In other words, Housing First treats homelessness purely as a housing issue, even though surveys show the vast majority of homeless people have drug, alcoholism, and mental health issues. The other painfully obvious problem is that states and localities simply cannot afford to build all the permanent housing they would need to house every unhoused person. It ultimately means the right to a free apartment, which would lure many people who aren’t currently living on the streets.

California in particular can’t do anything at a reasonable cost. Here’s just one example, from the Los Angeles Times in 2022: “More than half a dozen affordable housing projects in California are costing more than $1 million per apartment to build, a record-breaking sum that makes it harder to house the growing numbers of low-income Californians who need help paying rent.” With all the state’s land-use regulations, union work requirements, and bureaucratic waste, it’s not only overly costly but also absurdly time-consuming to build these projects.

The numbers offer the proof. A recent Mercury News article summarized it as follows: “Despite billions spent, new data shows almost a third of the nation’s homeless now live in California. The state’s homeless population increased by 6%. Why is the crisis still getting worse?” Perhaps the answer is obvious — because California has embraced a Housing First policy that is destined to fail.

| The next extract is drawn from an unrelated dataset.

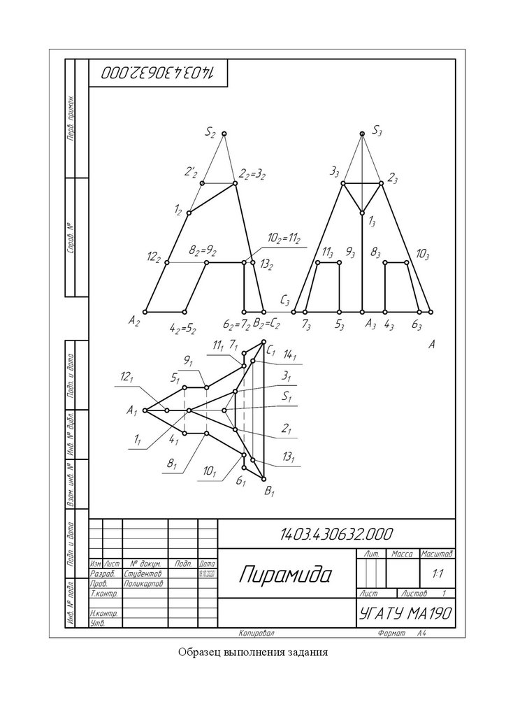 7) заполните основную надпись, в графе 1 которой напишете название чертежа шрифтом №10 – Пирамида; а в графе 2 – обозначение чертежа шрифтом

The state continues to ramp up homeless spending, which is a problem, as the state faces an unprecedented $68 billion budget deficit. Cities such as San Francisco spend huge portions of their budget on the issue, yet the numbers and the dismal street scenes have gotten worse. I don’t doubt that governments must spend money on the issue given that it’s a legitimate public-policy concern, but spending more on failed policies doesn’t work. Note that homelessness has soared most since the state’s official adoption of Housing First in 2016.

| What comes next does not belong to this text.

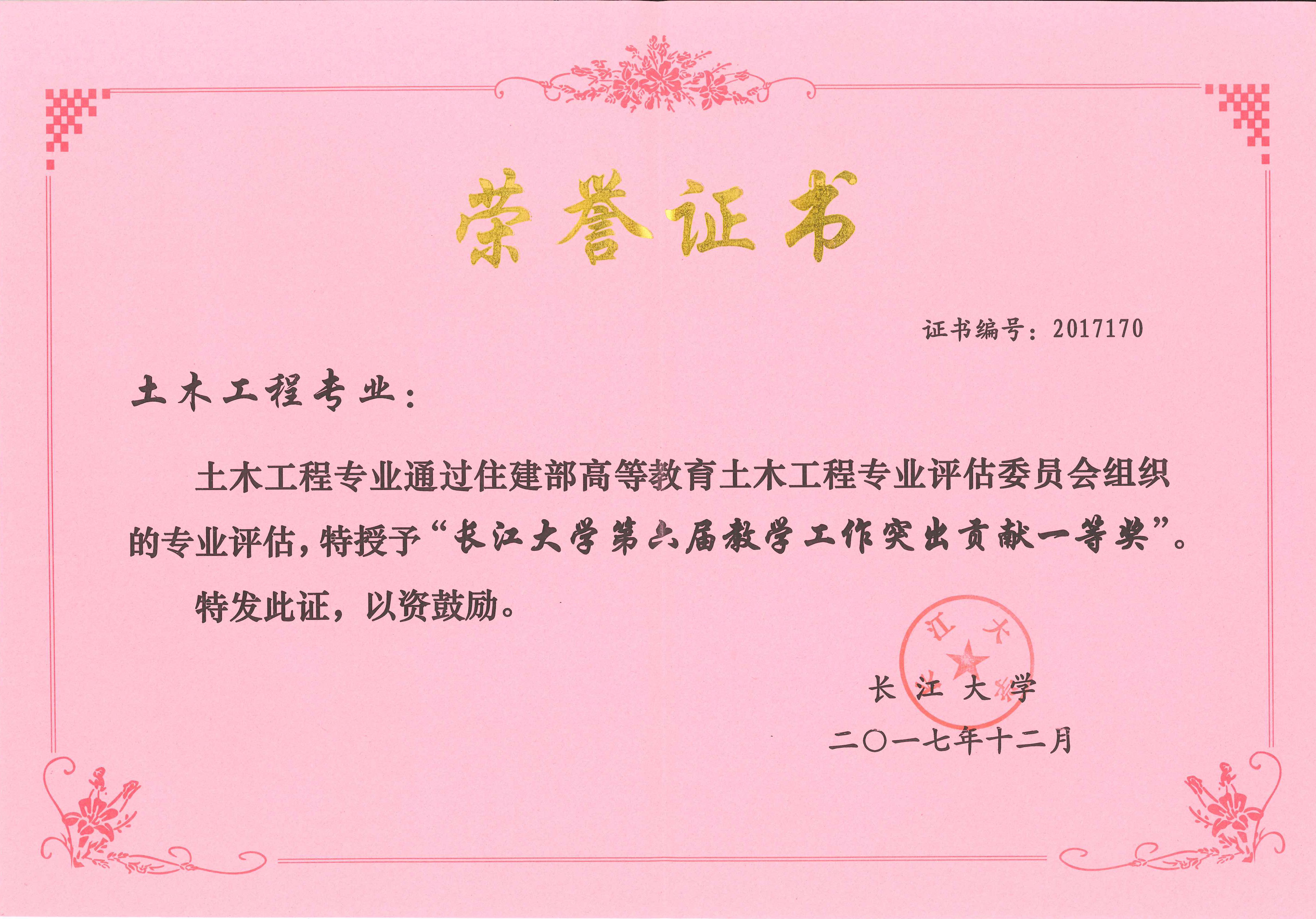 土木工程专业获得校第六届教学工作突出贡献一等奖

According to the book No Way Home, a study in Ottawa, Ontario, found:

To the shock of the researchers, after 24 months, the non-intervention control group reported better results regarding substance abuse, mental health, quality of life, family relations and mortality than the Housing First group. In other words, doing nothing resulted in superior human outcomes than providing Housing First with wraparound services.

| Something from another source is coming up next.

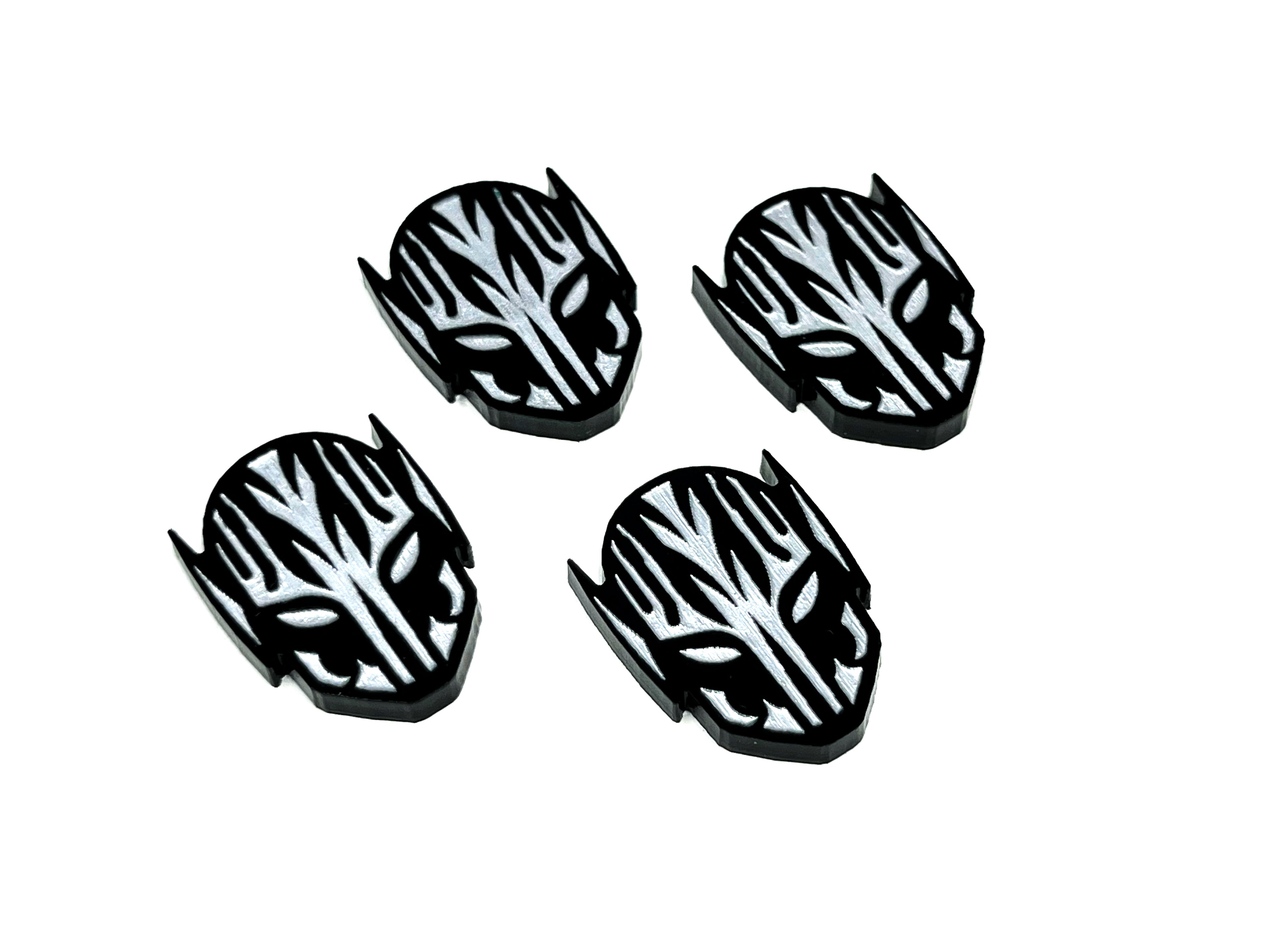 - 4 x Ultron Drone tokens, etched onto black acrylic and painted metallic silver, measuring approximately 18mm x 24mm, larger than our standard tokens so they stand out on player cards

Homelessness is indeed partly a housing problem, one that is magnified by California’s absurdly high housing and rent prices. In communities with more reasonable prices, it’s easier to find housing for those living on the margins. The state’s high prices are in turn driven by our regulatory barriers. The state is reducing some regulations, at least in a targeted way (for high-density and affordable-housing projects in urban areas). But that situation is unlikely to get fixed anytime soon, so policy makers need to deal with short-term reality.

One reasonable approach: build temporary housing and large shelters that provide a panoply of services. Public money could be far more effectively spent. I’ve written about San Antonio, Texas’ success at reducing its downtown homeless population in such a way. But that conflicts with the Housing First model. The more spent on the latter, the less money that’s available to spend on projects that provide homeless people with the help they need.

And while the conservative laws the Post details might in some cases make things worse, it’s absurd to focus attention on these tangential issues. Homelessness is growing most in progressive states and cities that have embraced the policies those conservative states are trying to undo. But, of course, we know that in the mainstream media, progressives rarely get blamed for their failures. There has to be a right-wing root to the problem.